Just download the mlrt plugin from here:
https://github.com/Asd-g/avs-mlrt/releases
Download the models from here:
https://www.dropbox.com/sh/f74ao9t1qarf ... r6M4a?dl=0
Create a FFAStrans workflow with the A/V Decoder and a Custom Avisynth Script like:
Code: Select all
#Path to the dll
LoadPlugin("\\FFAStrans\Processors\avs_plugins\mlrt_ncnn.dll")
#Bring everything to 32bit float
ConvertBits(m_clip, 32)
ConvertToPlanarRGB()
#Use the GAN model with 32bit float precision
mlrt_ncnn(network_path="\\avs000\Ingest\MEDIA\temp\onnx-models\realesr-general-wdn-x4v3_opset16.onnx")
#Dithering down to the output bitdepth
m_clip=ConvertBits(bits=8, dither=1)
return m_clip
and then add an encoding node to encode to whatever output you want.
A couple of notes:
1) Please note that GAN models only work with progressive clips, so you may wanna add a deinterlacer after the A/V Decoder just in case
2) The dithering to output bit depth has to be adjusted to your needs according to what the output is gonna be. Also please note that you MUST put ConvertBits() there 'cause even though Avisynth can work in 32bit float with as many values as you'll ever need, FFMpeg can't, which is why you can either deliver 16bit planar (which FFMpeg understands) or go directly down to whatever bit depth you want in output.
3) GAN models will be processed through mlrt_ncnn() but require a GPU and a LOT of VRAM. Keep in mind that my poor people GTX 980Ti couldn't render anything when I tested them at home and I had to go to the office to "borrow" some Quadro cards.
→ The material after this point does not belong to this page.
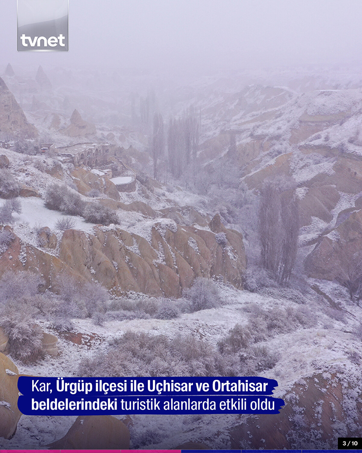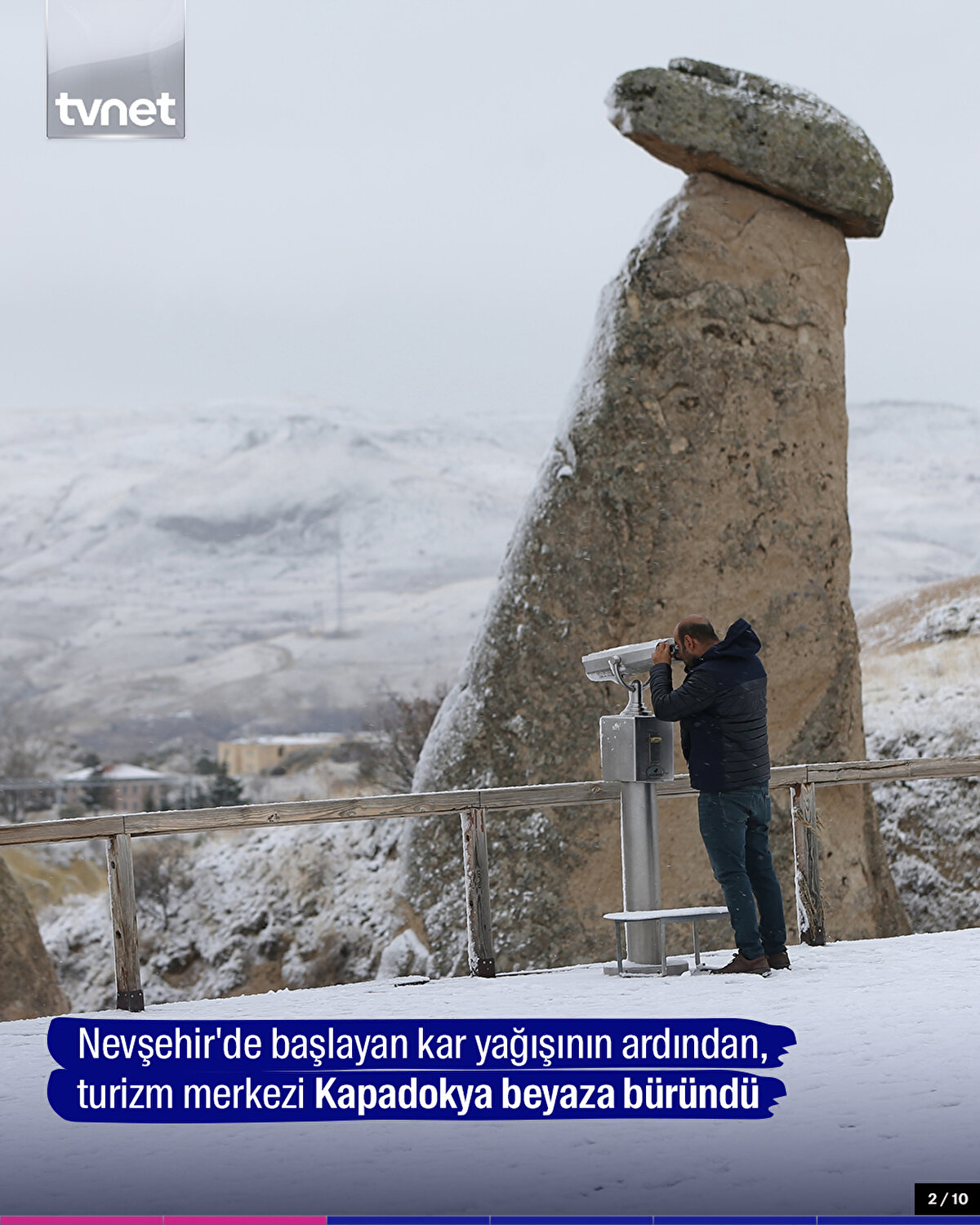 Nevşehir'de başlayan kar yağışının ardından, turizm merkezi Kapadokya beyaza büründü.

That aside, nowadays consumer cards are just fine, so if you have a 4090 etc you're gonna be fine too, but I'm poor, so...
emcodem wrote: ↑Fri Aug 04, 2023 4:39 pm
Also i am sure @FranceBB will tell you why he doesnt like the GAN models
Rather than going through several lines on why non deterministic upscales cannot be reliably used for archival purposes, I'm gonna let the screenshots talk:
Code: Select all
#Indexing
LWLibavVideoSource("Test.mxf")
#ImageSource("\\mibctvan000.avid.mi.bc.sky.it\Ingest\MEDIA\temp\Lenna_(test_image).png")
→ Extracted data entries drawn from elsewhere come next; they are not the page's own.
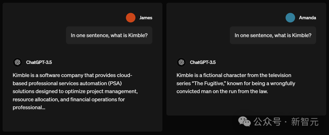 男生James得到的答案是,Kimble是一家软件公司,提供基于云的专业服务自动化(PSA)解决方案。女生Amanda却被告知:Kimble是电视剧「逃亡者」中的一个虚拟人物。这就不由得让人想起前不久曾引起轩然大波的一个新闻:在同样一个平台的视频下,男性用户和女性用户看到的评论会截然不同。没想到不仅是算法致力于针对性别构建每个人的信息茧房,连ChatGPT都是「黑手」之一。写作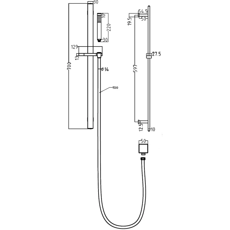 Height 700mm, Width 129mm, Depth 55mm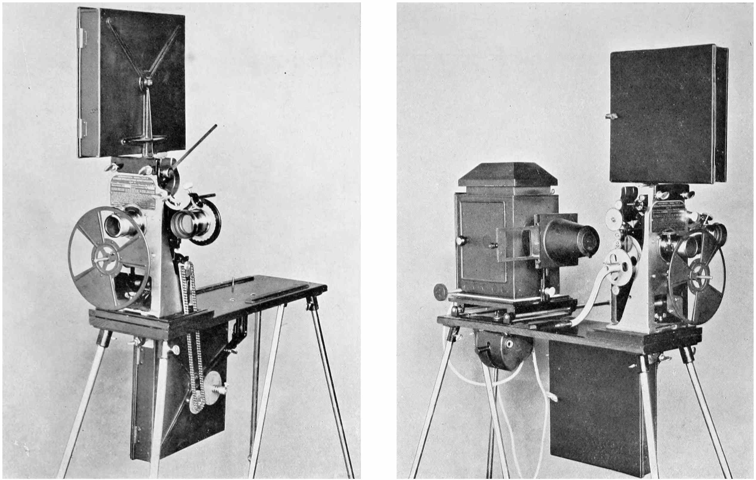 The projector works upon a similar principle. There are the two objectives with attendant mechanisms driven by a single handle, mounted side by side, and with a common shutter mounted centrally between. Projection is identical with recording. The picture is thrown from the right-hand objective, while the left lens is covered, and vice versâ.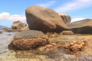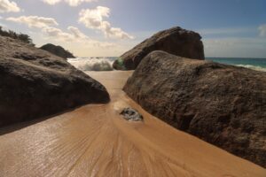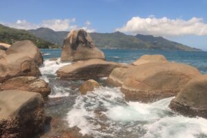 Direkt am hiesigen Strand fand ich ich auch einen „eigenen“ Kletterpark in den hier besonders zahlreichen Granitfelsen. Was war das schön dort herumzukraxeln…, niemand sonst kam auf diese Idee und ich genoss diese Morgenstunden in der tosenden Brandung in absoluter Einsamkeit. Dort fand ich tolle Fotomotive auf und zwischen diesen steinernen Riesen. Diese stetige Brandung (welche auch nachts für eine kraftvolle Geräuschkulisse sorgte) nahm mir jedoch den Spaß am Schwimmen, weshalb ich sehr dankbar das Klettern annahm. Sogar das Schnorcheln war auch direkt vor der Tür machbar und sorgte für weitere Freudenmomente, schon wenige Meter vom Strand gab es felsige, von Korallen bewachsene fischreiche Stellen. Zum Schwimmen gab es dagegen im benachbarten Beau Vallon einen perfekten breiten und 1 1/2 Kilometer langen schneeweißen geschützteren Strand. Dorthin fuhren wir mehrmals nachmittags per Bus.

Bob().Spline64Resize(848, 480)
original=ConvertBits(8).Converttoyv12().Text("Original", y=66)
#Downscale
SinPowResizeMT(width/4, height/4)
#Various Upscales
point=PointResize(width*4, height*4).ConvertBits(8).Converttoyv12()
#bilinear=BilinearResize(width*4, height*4).Converttoyv12()
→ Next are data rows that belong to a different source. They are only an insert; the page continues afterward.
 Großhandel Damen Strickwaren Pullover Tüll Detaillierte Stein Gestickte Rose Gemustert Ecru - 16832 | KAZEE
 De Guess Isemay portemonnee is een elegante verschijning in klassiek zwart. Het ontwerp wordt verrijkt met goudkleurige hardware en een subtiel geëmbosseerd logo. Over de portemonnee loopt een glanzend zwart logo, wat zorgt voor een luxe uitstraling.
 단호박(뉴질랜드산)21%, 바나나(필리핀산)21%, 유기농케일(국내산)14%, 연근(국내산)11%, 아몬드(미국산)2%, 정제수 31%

nnedi3=nnedi3_rpow2(cshift="Spline64ResizeMT", rfactor=2, fwidth=width*4, fheight=height*4, nsize=4, nns=4, qual=1, etype=0, pscrn=2, threads=0, csresize=true, mpeg2=true, threads_rs=0, logicalCores_rs=true, MaxPhysCore_rs=true, SetAffinity_rs=false).ConvertBits(8).Converttoyv12()
esrgan=last.ConverttoPlanarRGB().ConvertBits(32).mlrt_ncnn(network_path="\\myshare\Ingest\MEDIA\temp\realesr-general-wdn-x4v3_opset16.onnx", builtin=false, list_gpu=false, fp16=true).ConvertBits(8).Converttoyv12()
#SSIM
pnt=SSIM(original, point, "\\myshare\Ingest\MEDIA\temp\point3SSIM.csv", "\\myshare\Ingest\MEDIA\temp\point3SSIM.txt", lumimask=1, scaled=0).Text("PointResize", y=66)
nne=SSIM(original, nnedi3, "\\myshare\Ingest\MEDIA\temp\nnedi3SSIM.csv", "\\myshare\Ingest\MEDIA\temp\nnedi3SSIM.txt", lumimask=1, scaled=0).Text("NNEDI3", y=66)
esr=SSIM(original, esrgan, "\\myshare\Ingest\MEDIA\temp\esrganSSIM.csv", "\\myshare\Ingest\MEDIA\temp\esrganSSIM.txt", lumimask=1, scaled=0).Text("ESRGAN", y=66)
#Preview
a=StackHorizontal(original, pnt)
b=StackHorizontal(nne, esr)
StackVertical(a,b)